On 13 November, 2015, the US Food and Drug Administration granted accelerated approval for an oral medication to treat patients with advanced non-small cell lung cancer (NSCLC). Osimertinib (Tagrisso), formerly known as AZD9291 is now approved for patients whose tumours express epidermal growth factor receptor (EGFR) mutation (T790M) and whose disease has progressed after treatment with other EGFR tyrosine kinase inhibitors.
Dr Richard Pazdur, director of the Office of Hematology and Oncology Products in the FDA’s Center for Drug Evaluation and Research said: “This approval provides a new treatment for patients who test positive for the EGFR resistance mutation, T790M, and is based on substantial evidence from clinical trials that shows Tagrisso had a significant effect on reducing tumor size in over half of patients who were treated.”
The FDA also approved the first companion diagnostic test (cobas EGFR Mutation Test v2) to detect the type of EGFR resistance mutation that Tagrisso targets. The newly approved version (v2) of the test adds the T790M mutation to the clinically relevant mutations detected by the original cobas EGFR Mutation Test (v1).
“The approval of safe and effective companion diagnostic tests and drugs continue to be important developments in oncology,” said Alberto Gutierrez, PhD, director of the Office of In Vitro Diagnostics and Radiological Health in the FDA’s Center for Devices and Radiological Health. “The availability of the cobas EGFR Mutation Test v2 meets a need for the detection of this important EGFR gene mutation, which can alter treatment effectiveness.”
The safety and efficacy of Tagrisso were demonstrated in two multicenter, single-arm studies involving a total of 411 patients with advanced EGFR T790M mutation-positive NSCLC whose disease progressed after treatment with an EGFR inhibitor. In these two studies, 57% of patients in the first study and 61% of patients in the second study experienced objective response rate.
Continued approval for this indication may be contingent upon further confirmatory studies.
In a combined analysis of the 411 patients in both trials, the FDA reported that the most commonly reported all-grade adverse events were diarrhoea, rash, dry skin, nail toxicity, eye disorders, nausea, decreased appetite, and constipation. These events were primary grade 1/2, with a low rate of grade ≥3 adverse events. The most common grade ≥3 adverse events were pneumonia and pulmonary embolism. It also may cause harm to a developing foetus.
The FDA granted Astra Zeneca breakthrough therapy designation, priority review and orphan drug designation for Tagrisso. Breakthrough therapy designation is granted for a drug that is intended to treat a serious condition when, at the time an application is submitted, preliminary clinical evidence indicates that a drug may demonstrate substantial improvement over available therapies. Priority review designation is granted to drug applications that show a significant improvement in safety or effectiveness in the treatment of a serious condition. Orphan drug designation provides incentives such as tax credits, user fee waivers, and eligibility for market exclusivity to assist and encourage the development of drugs for rare diseases.
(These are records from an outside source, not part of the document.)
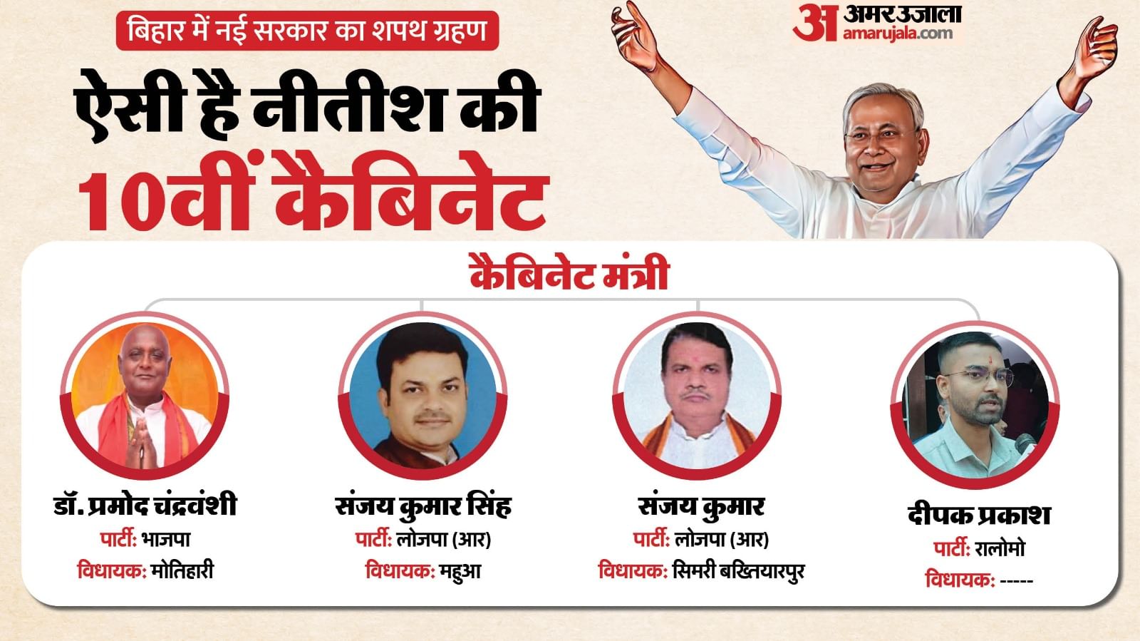 बिहार में नीतीश कुमार ने 10वीं बार मुख्यमंत्री पद की शपथ ली है। उनके साथ 26 अन्य मंत्रियों ने भी शपथ ली। इनमें भाजपा के कोटे से 14 मंत्री, जदयू के कोटे से 8 मंत्रियों को जगह मिली है। वहीं, चिराग पासवान की लोजपा (रामविलास) को दो मंत्री पद मिले हैं। जीतनराम मांझी की हम पार्टी को एक मंत्री पद और उपेंद्र कुशवाहा की राष्ट्रीय लोक मोर्चा (रालोमो) को भी एक मंत्री पद मिला है।
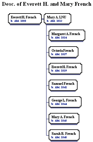 In the 1850 Census, EVERETT FRENCH, a sailor, born about 1808 is listed as living in Prospect Maine with his wife, Mary A., age 31, and, I am assuming, children. The first child is Margaret A. who is 15, meaning that Mary had her when she was abut 16. Then came Octavia (about 1837) followed by EVERETT FRENCH (Jr.?) born about 1839. Samuel, George L, Mary A. and Sarah B. are the last children known born to this couple.
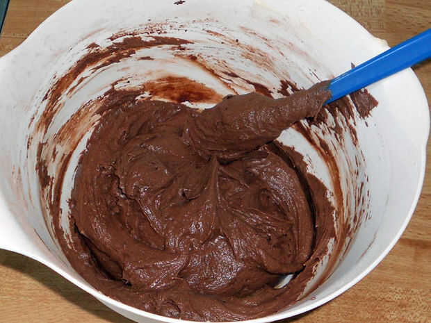 5. Añadir la mezcla de cacao a la mezcla de crema y mezclar hasta combinar sólo.
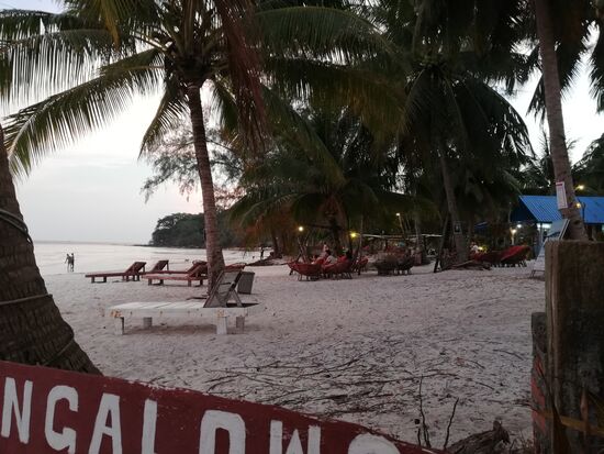 Die Antwort lautet "Ja!". Wir kamen in der Dämmerung an, konnten aber schon ahnen, dass es hier nicht schwer werden würde, den dringend benötigten Insel-Vibe zu bekommen. Der Coconut Beach, an dem wir uns einquartierten, sollte der entspannteste Strand der kleinen Insel sein, ohne groß Party und Tamtam, sondern mit Liegestühlen und Ruhe. Ohhh yeah! That's the stuff. Wir hauten uns ins Zelt, welches auf einem kleinen Plateau aufgestellt die ideale und spottbillige Unterkunft darstellte, und pennten erstmal bis zum nächsten Morgen durch.
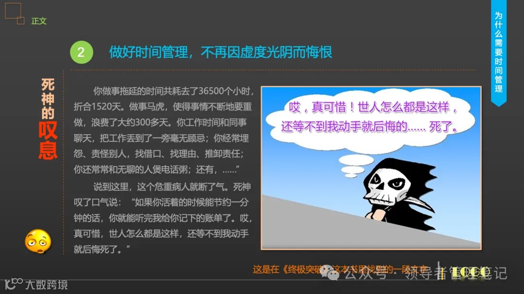 想象一下,生命的最后一刻,死神站在你面前,问你是否后悔未曾好好利用时间。你是否会想起那些被拖延的工作、被遗忘的梦想、被浪费的闲暇?死神会告诉你,时间的账本,每一刻都在记录,每一秒都不容虚度。
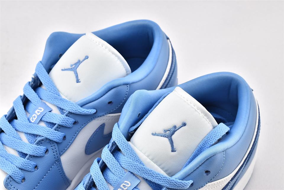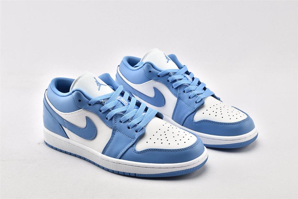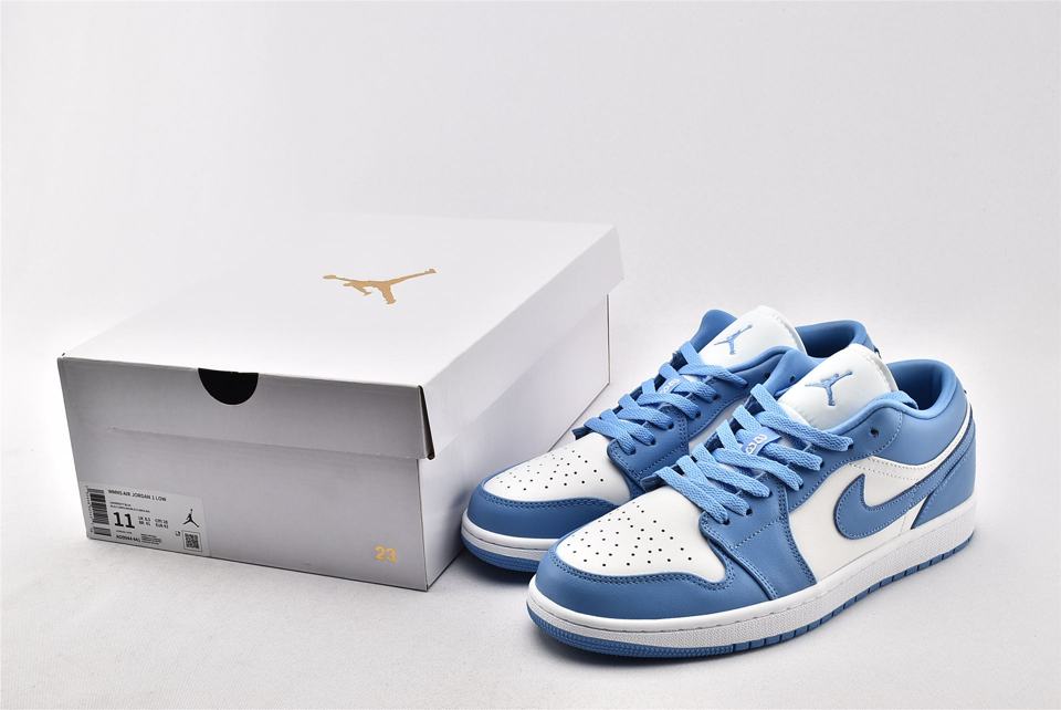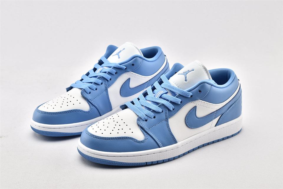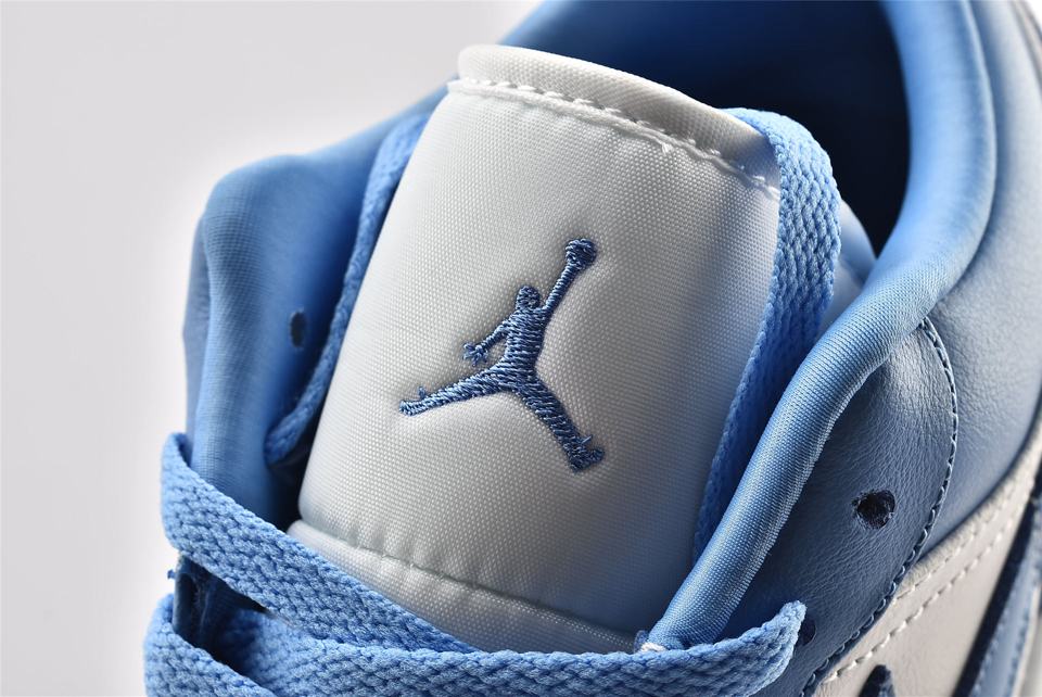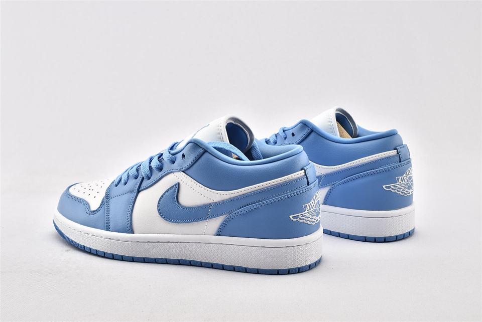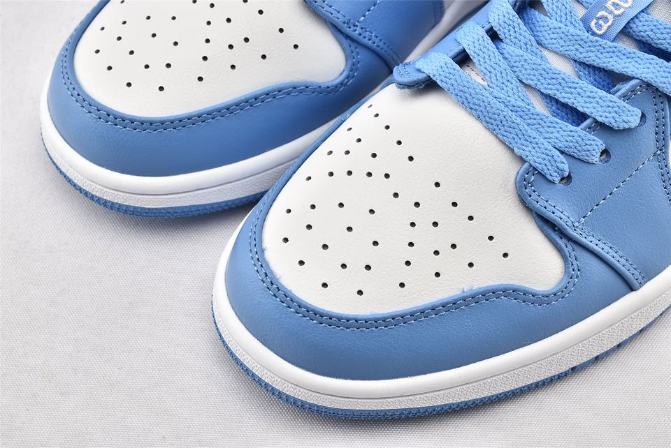 Кроссовки Wmns Air Jordan 1 Low UNC демонстрируют классический силуэт. Верх выполнен из белой кожаной основы с синими накладками. Модель Jordan 1 Low имеет синий Nike Swoosh, белый символ Jumpman на белом нейлоновом язычке и логотип Jordan Wings на пяточной части. Белая мидсоль с технологией Air и синяя подошва завершают дизайн.- Цвета: University Blue/White
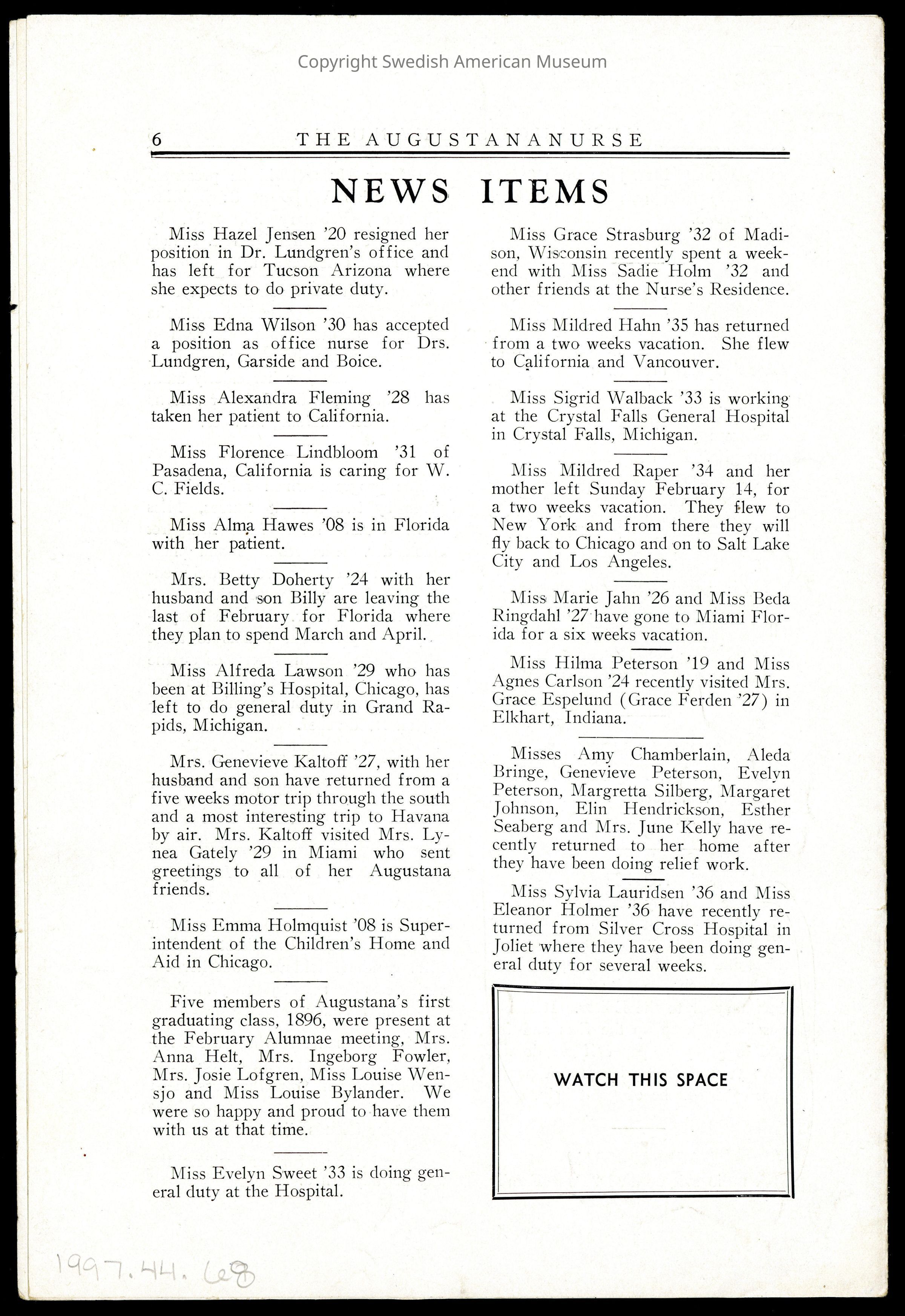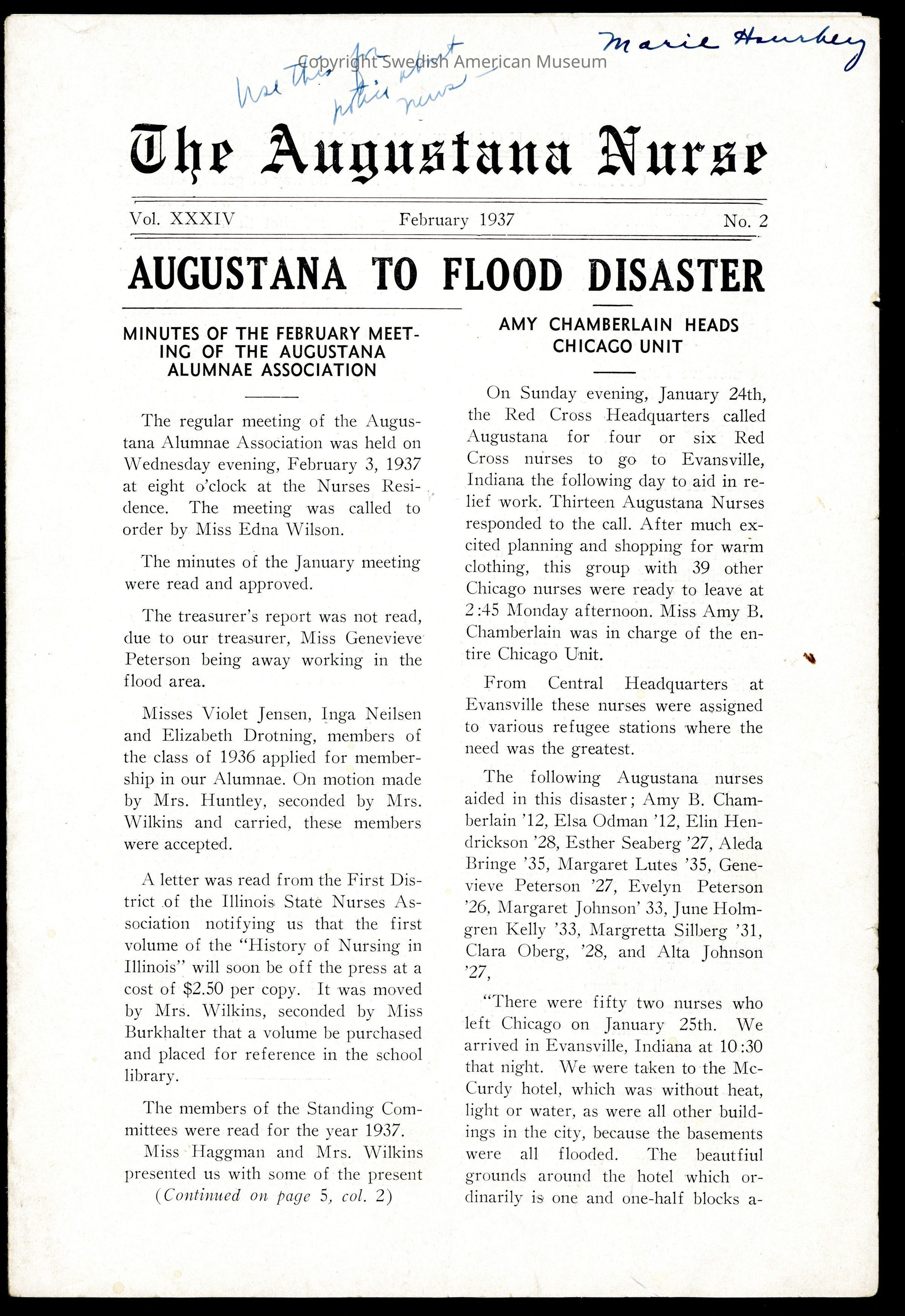 The Augustana Nurse Newsletter from Feb. 1937. Includes a headline titled "Augustana Flood Disaster."
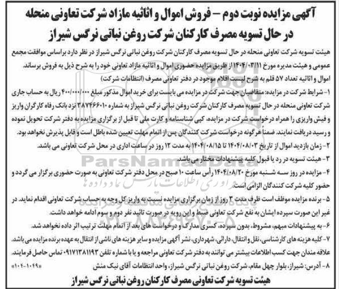 آگهی مزایده نوبت دوم - فروش اموال و اثاثیه مازاد شرکت تعاونی منحله در حال تسویه مصرف کارکنان شرکت روغن نباتی نرگس شیراز
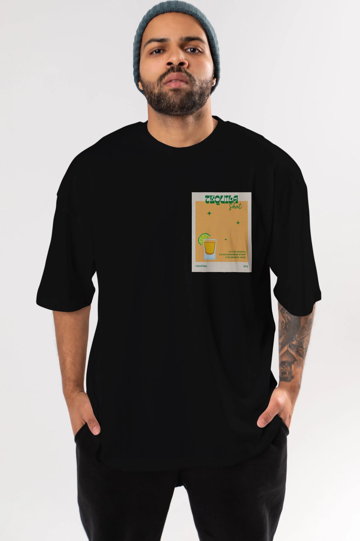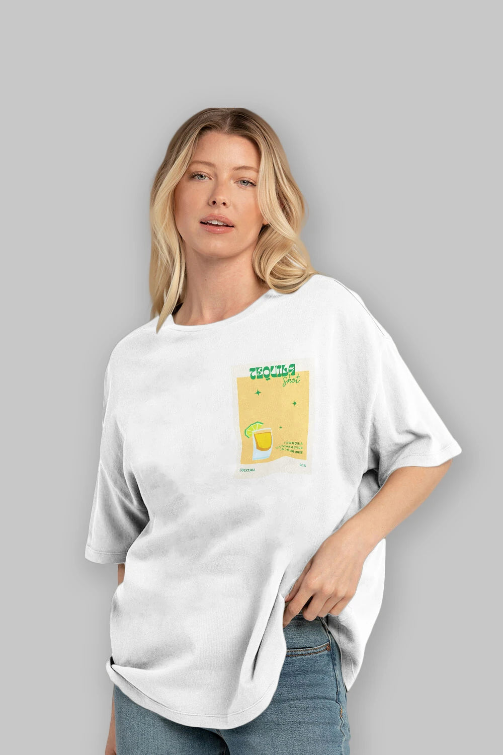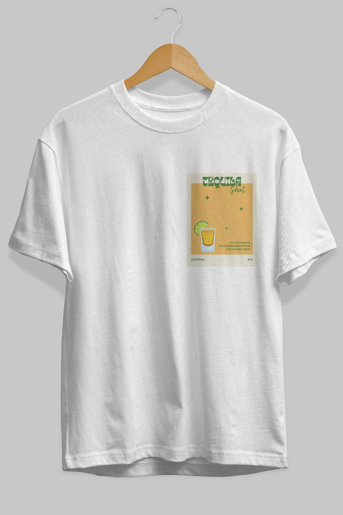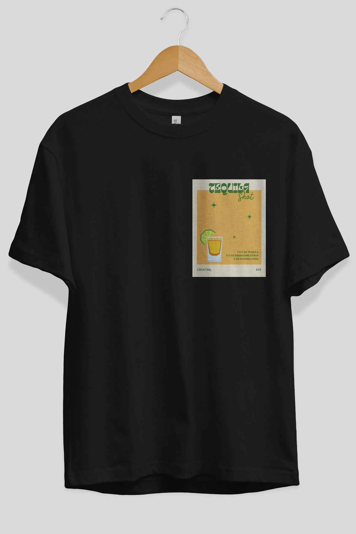Tequila Shot 2 Ön Sol Baskılı Oversize t-shirt Erkek Kadın Unisex %100 Pamuk Bisiklet Yaka tişort
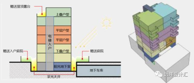 第二种是沿面宽方向上中下叠采用咬合叠加的模式,其优点在于较传统叠拼实现了更大开间数这一产品诉求。
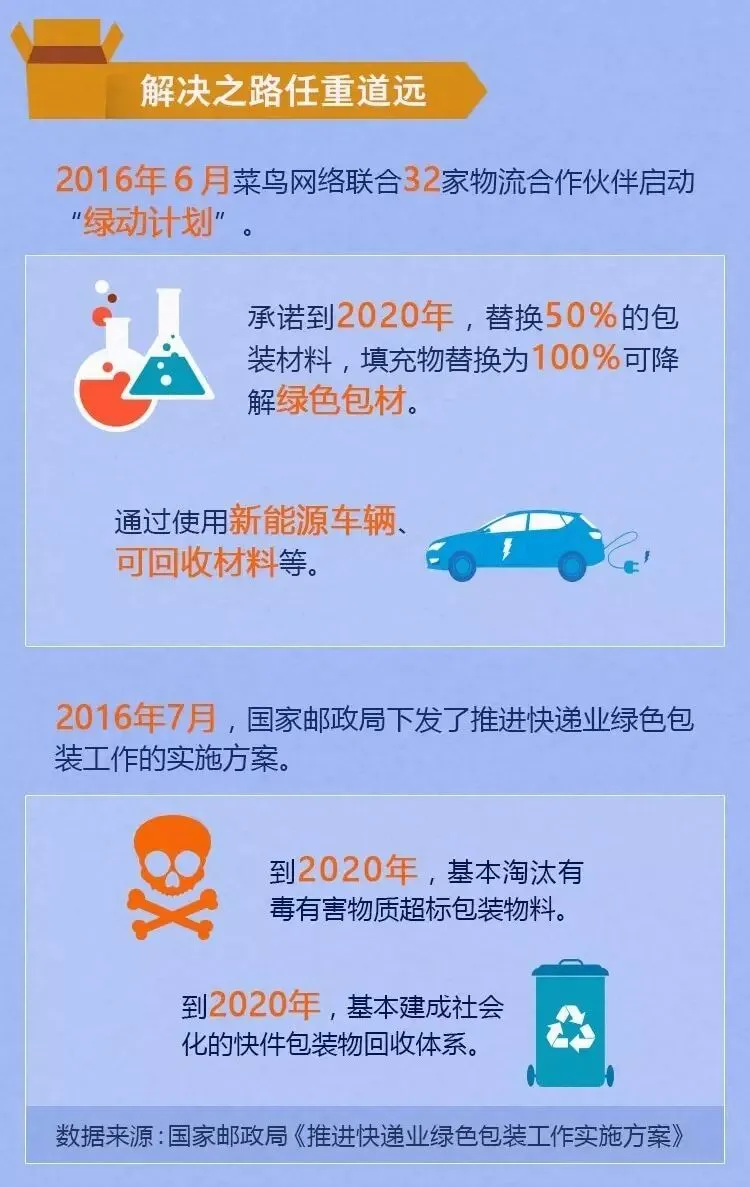 多家快递公司和电商平台已意识到快递垃圾的危害,并已开展行动。2016年6月,物流平台菜鸟网络宣布,联合32家中国及全球合作伙伴启动菜鸟绿色联盟,实施“绿动计划”,承诺到2020年替换50%的包装材料,填充物为100%可降解绿色包材。
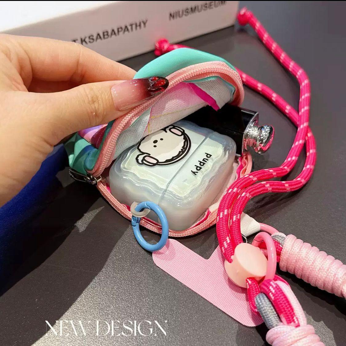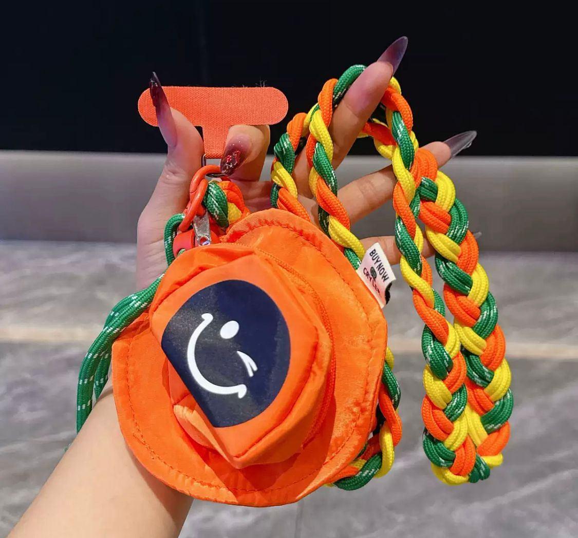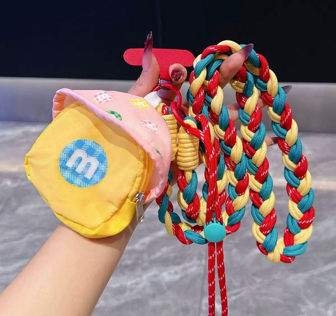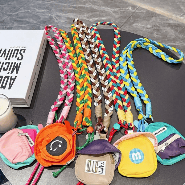 Cordão para celular com Bolsinha para Fones Chaves Alça de Corda Trançada Transversal

Tagrisso was approved under the agency’s accelerated approval programme, which allows the approval of a drug to treat a serious or life-threatening disease based on clinical data showing the drug has an effect on a surrogate endpoint reasonably likely to predict clinical benefit to patients. This programme provides earlier patient access to promising new drugs while the company conducts confirmatory clinical trials.
Tagrisso is marketed by Astra Zeneca Pharmaceuticals based in Wilmington, Delaware.
The cobas EGFR Mutation Test v2 is marketed by Roche Molecular Systems of Pleasanton, California.